Proposed changes to the tax laws on loans from private businesses could result in double taxation and hamper companies’ ability to reinvest in the business, critics have warned.

Changes to Division 7A of the Income Tax Assessment Act 1936 proposed by the Australian Treasury will make it both more difficult and more expensive for individuals to access private company funds by way of a loan for personal use, but could also penalise businesses wanting to reinvest profits using intergroup loans, CPA Australia has told a Treasury consultation.

Division 7A was introduced to stop company owners and their associates avoid tax by taking funds out of a company for personal use, for example by making a loan to themselves. Without Division 7A, the funds lent may have been be subject to company tax, but business owners could arbitrage the lower company tax rate to avoid paying the full 47 per cent top personal income tax rate.

However, the law is extremely complex and in 2014 the Board of Taxation recommended changes that would discourage misuse while still enabling business-to-business loans for working capital purposes.

In late 2018, Treasury released a consultation paper that goes further, by arguing essentially for all loans to be treated on a similar footing regardless of purpose.

This has raised concerns that by discouraging all related-party loans, business investment will be hampered.

Unintended costs for business

CPA Australia supports the intent of tightening the rules for individual loans but has concerns about the proposed changes.

“Given what is proposed in the consultation paper, it seems an important point has been missed. The rules need to be modified to be fit for purpose, to achieve their policy objective, but not to stymie business investment,” says Paul Drum FCPA, CPA Australia general manager external affairs.

Drum would like to see business-to-business loans for working capital purposes not captured by Division 7A.

“As long the funds are used for working capital purposes, they shouldn’t be forced into Division 7A interest and principal repayments amongst related entities,” he says. “But, if the funds are being used for private use and enjoyment, then absolutely there should be loan arrangements in place because that would seem on the face of it potentially side-stepping the tax system.”

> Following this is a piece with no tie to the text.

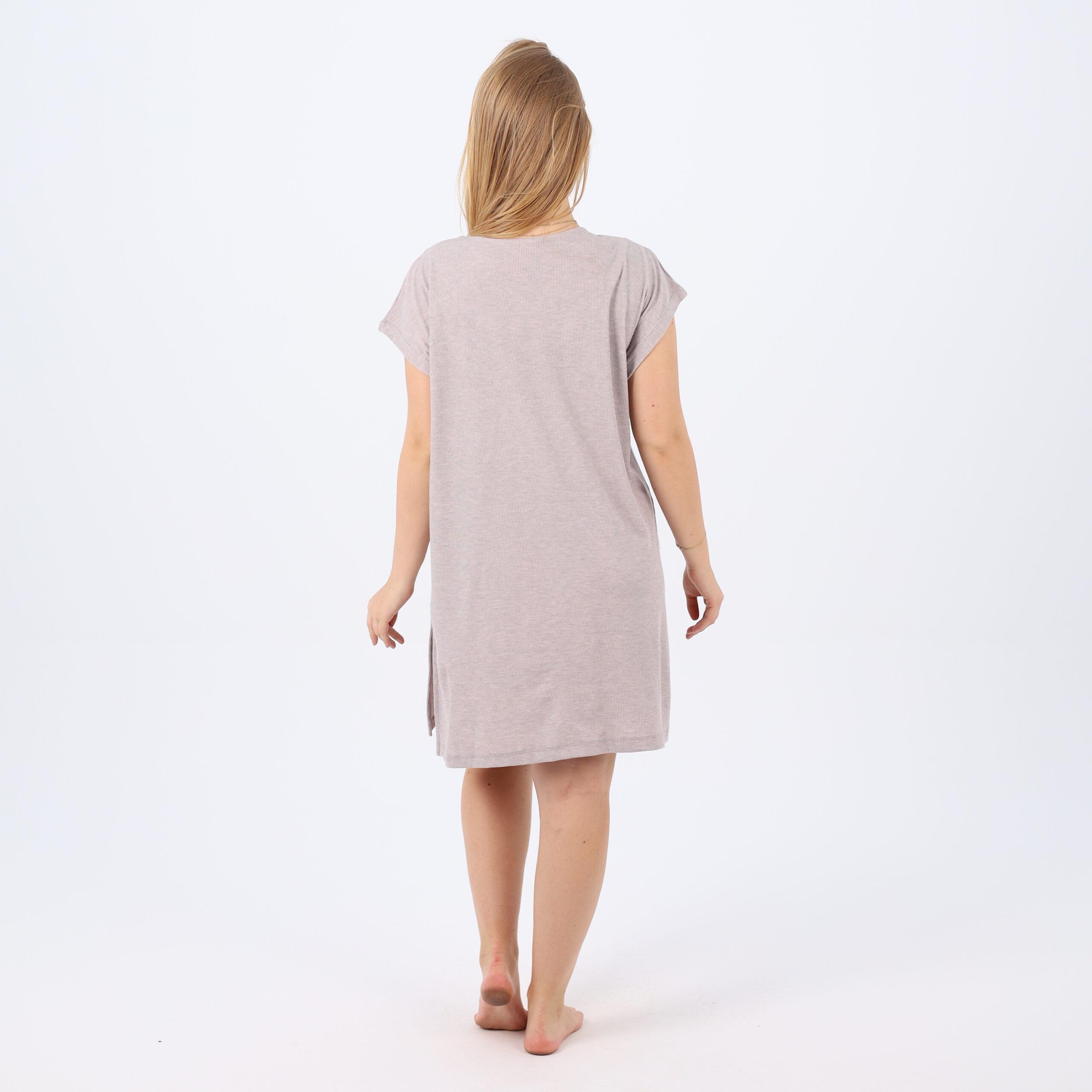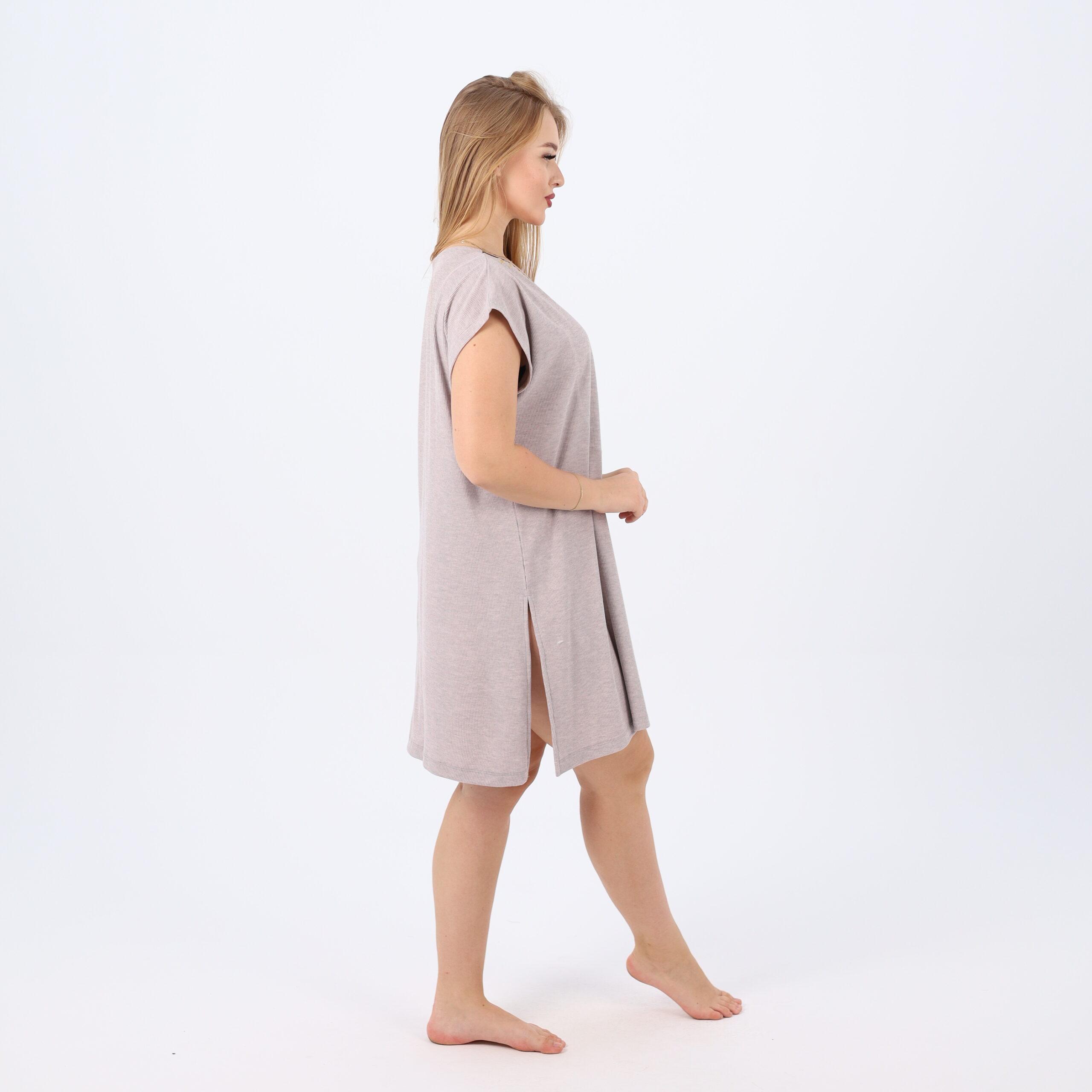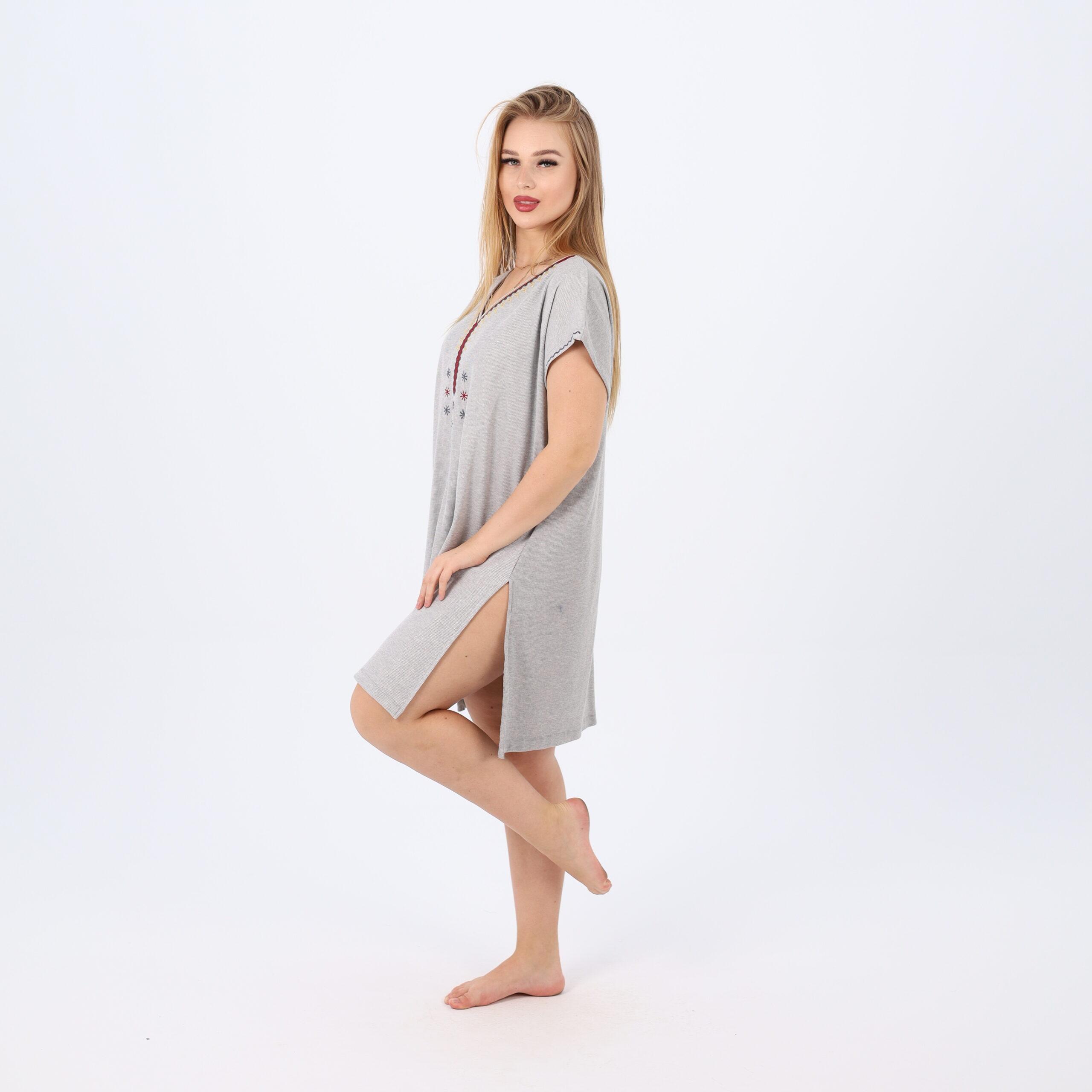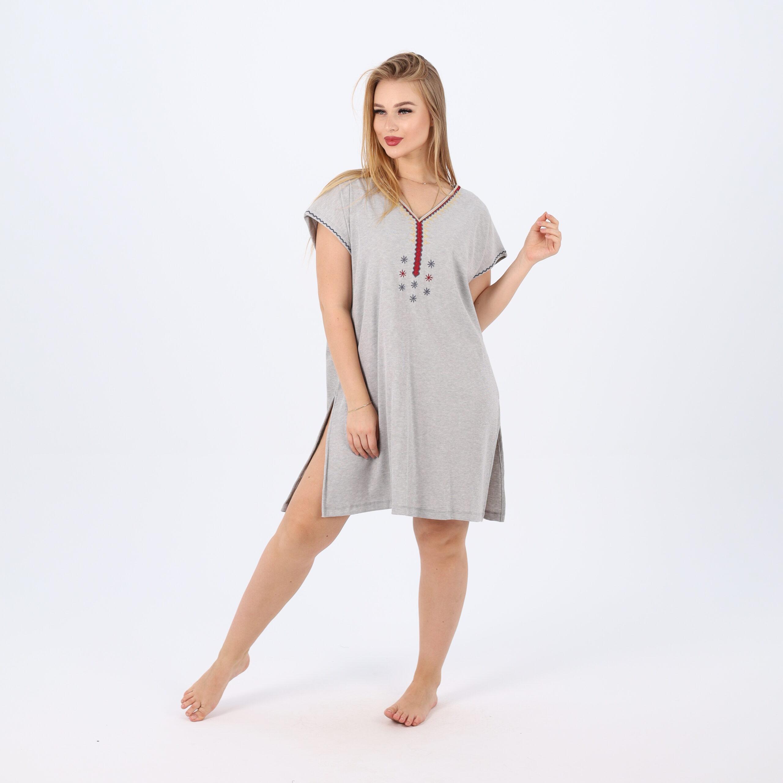 Sleep in style and comfort with this soft cotton nightdress, designed for cozy nights and relaxing evenings at home. Featuring a loose, flattering fit for all body types, this dress includes a feminine V-neckline accented with delicate embroidery on the chest. The breathable cotton fabric feels gentle on the skin, making it perfect for warm weather or indoor lounging.

In its submission to the Treasury consultation, CPA Australia says a proposed 10-year loan model, alleged to be “more closely aligned to commercial practice for principal-and-interest loans” may have a negative impact on small business cash flow “and at the very time our engagement with the sector indicates that access to finance is becoming more difficult”.

Members have also raised points of clarification and concerns about a proposal to bring unpaid present entitlements into Division 7A, particularly for those arising prior to December 2009.

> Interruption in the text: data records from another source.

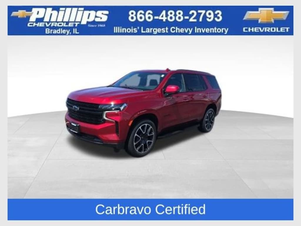 Carbravo Certified, One Owner, Apple CarPlay, Android Auto, Keyless Entry, 4WD, Adaptive Cruise Control (ACC), Back Up Camera, Blind Spot Monitoring, Bluetooth, BOSE Audio, Heated seats, Heated steering wheel, Forward Collision Alert, Lane Assist, Panoramic Roof, Pedestrian Monitoring, Power lift gate, Power Locks, Power Seating, Power Windows, Push Button Start, Rear Traffic Alert, Remote start, Front Park Assist, Rear Park Assist, Lane Change Alert, Carfax Buyback Guarantee, Tahoe RST, 4D Sport Utility, EcoTec3 6.2L V8, 10-Speed Automatic with Overdrive, 4WD, Radiant Red Tintcoat, Red Leather, 1st & 2nd Row Color-Keyed Carpeted Floor Mats, 2-Speed Active Electronic AutoTrac Transfer Case, 2nd Row Pwr Release 60/40 Split-Folding Bench Seat, 3.23 Rear Axle Ratio, 3rd Row 60/40 Power-Folding Split-Bench Seat, 4-Wheel Disc Brakes, Adaptive Cruise Control, Advanced Trailering Package, Apple CarPlay/Android Auto, Auto-Dimming Inside Rear-View Mirror, Bose 9-Speaker Stereo Audio System Feature, Brake assist, Bright Front & Rear Door Sill Plates, Color-Keyed Carpeting Floor Covering, Compass, Driver & Front Outboard Passenger Airbags, Driver Alert Package, Dual Exhaust System, Dual-Pane Power Panoramic Sunroof, Electronic Stability Control, Enhanced Automatic Emergency Braking, Enhanced Driver Information Center, Extra Capacity Cooling System, Floor Console w/Storage Area, Four wheel independent suspension, Garage door transmitter, Hands-Free Rear Power Programmable Liftgate, HD Surround Vision, Heated 2nd Row Outboard Seats, Heated door mirrors, Heated Steering Wheel, Hitch Guidance w/Hitch View, Infotainment Display, Integrated Trailer Brake Controller, Lane Change Alert w/Side Blind Zone Alert, LED Daytime Running Lamps, Luxury Package, Magnetic Ride Control Suspension, Max Trailering Package, Memory Settings, Memory Settings for Driver, Outside Heated Power-Adjustable Mirrors, Outside temperature display, Power Liftgate, Power Tilt & Telescopic Steering Column, Preferred Equipment Group 1SP, Rain sensing wipers, Rear Cross Traffic Alert, Rear Pedestrian Alert, Rear window wiper, Remote keyless entry, Remote Start, SiriusXM Radio w/360L, Smart Trailer Integration Indicator, Sport Performance Package, Steering wheel mounted audio controls, Traction control, Trip computer, Universal Home Remote, Variably intermittent wipers, Wheels: 22 x 9 Bright Machined, Wireless Charging, Wrapped Steering Wheel. CARFAX One-Owner. Clean CARFAX. Certified. Radiant Red Tintcoat 2023 Chevrolet Tahoe RST 4WD 10-Speed Automatic with Overdrive EcoTec3 6.2L V8Recent Arrival!Certification Program Details: Type your description hereWith the internet today, a great value shouldn't be hard to find. Here at Phillips Chevrolet we do the research for you. We monitor the market daily to ensure our customers are getting the best value achievable. We price all of our vehicles to make the buying process as simple and easy as possible. Our internet prices are just one factor that makes us the #1, #2, and out to be the #3 Chevrolet dealerships in Illinois. The future #3 Chevy dealership in Illinois is conveniently located at 1400 Locke Drive, the corner of I-57 & IL 50, in Bradley/Bourbonnais, IL 60914.
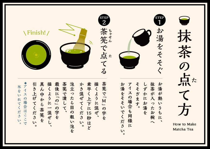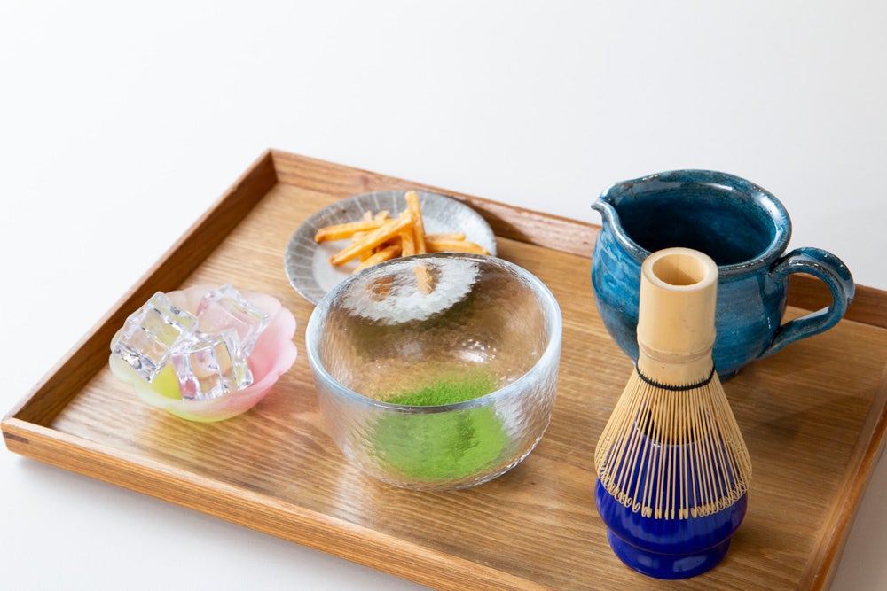 抹茶の粉と熱湯を茶筅(ちゃせん)で混ぜ合わせ、ご自身でお抹茶を点てる体験をお楽しみいただけます。
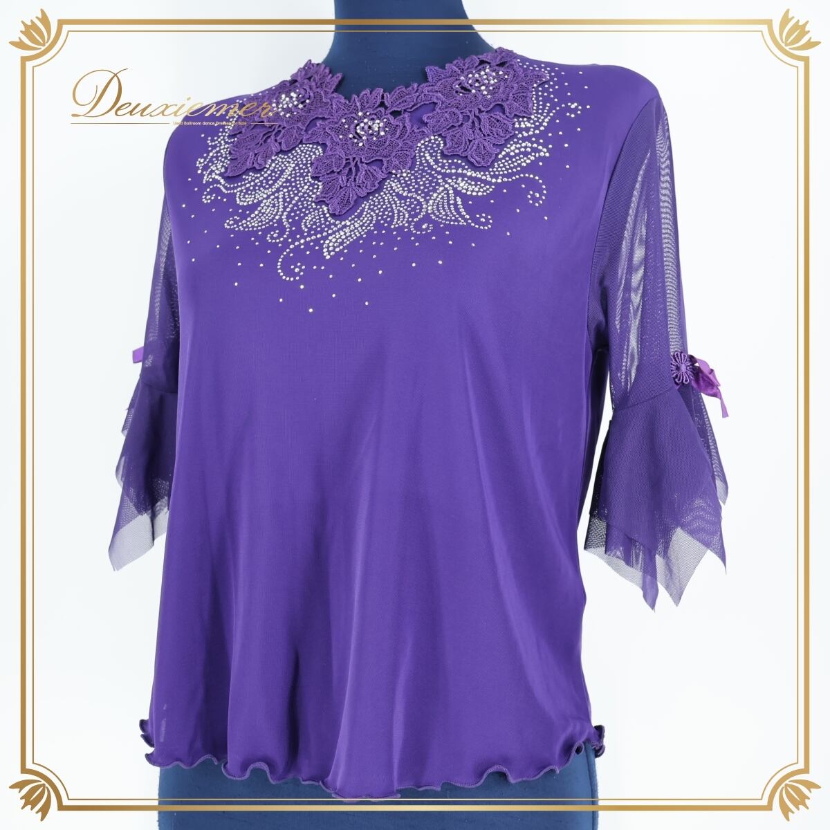 【社交ダンス衣装】パープル PYRAMID ピラミッド トップス ブラウス 紫 ラインストーン 花 刺繍 レッスン 練習着 ストレッチ
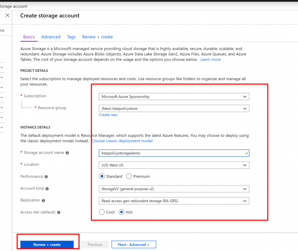 - We provide some random values and click on Review + Create.
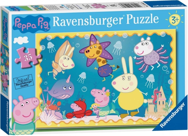 Découvrez le puzzle pour enfants Ravensburger avec le motif Peppa Pig dans le monde sous-marin. Ce puzzle de 35 pièces est idéal pour les enfants à partir de 3 ans et développe la motricité fine, la pensée logique et la patience. Sa fabrication de qualité et son motif joyeux garantissent des heures de divertissement créatif.

Hurting business investment

Treasury’s proposals will make it more difficult for individuals to access private company profits for personal use, but will also penalise businesses wanting to reinvest profits using intergroup loans, says Alexis Kokkinos, executive director of tax consulting at Pitcher Partners.

“By increasing the harshness of the rules for individuals who use funds for personal purposes – which we support – they are also increasing the harshness for businesses, which we do not support,” he says.

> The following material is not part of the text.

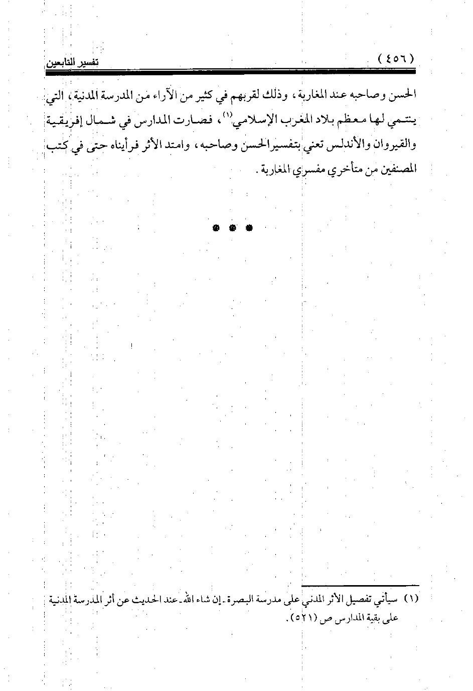 الحسن وصاحبه عند المغاربة، وذلك لقربهم في كثير من الآراء من المدرسة المدنية، التي ينتمي لها معظم بلاد المغرب الإسلامي (¬1)، فصارت المدارس في شمال إفريقية والقيروان والأندلس تعني بتفسير الحسن وصاحبه، وامتد الأثر فرأيناه حتى في كتب المصنفين من متأخري مفسري المغاربة.
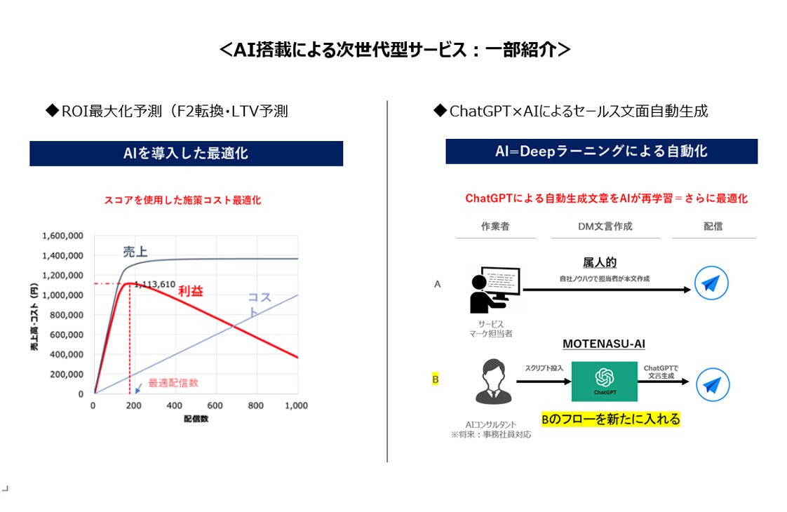 「MOTENASU-AI」は、従来多大な開発コストや人員を要していたMAにおいて、多様な外部連携にも対応できるマルチハイブリット型サービスとして最短3営業日内※で実装可能な画期的なソリューションサービスです。さらにAIによる再学習機能(ディープラーニング)を搭載し、従来不可とされていた多次元の分析や、商品自動レコメンド、ROI最適化予測を提供、さらにChatGPTによるセールス案内の自動生成も実装、MAによるCXサービスでEC、D2C、OMO領域の事業成長を強力に支援いたします。

Kokkinos adds that after four years in the making, the proposed Treasury amendments seem to deliver an outcome which is the opposite of the intended reduction in compliance costs.

He foresees an increase in compliance costs and an increase in the tax payable by business entities within a private group.

“All the simplification that was supposed to happen for business-to-business arrangements has been removed,” he says.

A risk of double taxation

At issue are proposed changes to the rules governing intergroup loans, which could result in double taxation under some of the proposals contained in the Treasury paper.

In some businesses, particularly in the construction sector, trusts are formed for specific projects or developments. The project is then funded by way of a loan to the trust from a finance company within the group.

Under the Board of Taxation recommendations, a trust would have a three-year interest-only period before it has to start repaying the loan. This is an important provision for property development projects that often do not have cash flows for several years until after completion and sale.

However, under the proposed new laws, the trust would have to start repaying the loan immediately, paying back at least 10 per cent of the principal plus interest annually. Without cash flows, in order to repay the loan, the trust would have to receive a dividend payment from the financing entity, which would then be used to repay the loan.

Kokkinos says companies will be paying franked dividends, where the owners will have to pay top-up tax on the dividends and as a result will be repaying the business-to-business loan using after-tax dollars. This would essentially result in a tax rate to the business group of 47 per cent rather than the current small business tax rate of 27.5 per cent.

Furthermore, Treasury proposes increasing the interest rate for intergroup loans from 5.2 per cent to 8.3 per cent, increasing the overall cost of the business project and its ability to generate a profit.

Changes could stall economic activity

In its recommendations, the Board of Taxation advocates less stringent requirements for intergroup loans used for business purposes and argues that such loans will not result in a cost to revenue (as interest income is offset by deductions claims), and therefore will not reduce the ultimate amount of tax payable by the corporate group.

“They wouldn’t collect any additional tax revenue on business-to-business loans. There shouldn’t be any revenue collection concerns on business-to-business loans where it’s real businesses borrowing and using the money in their business,” says Kokkinos.

“These policies are just going to end up costing business more in terms of running their projects. The long shot is that projects won’t be feasible and won’t get off the ground, which could stall economic activity,” says Kokkinos.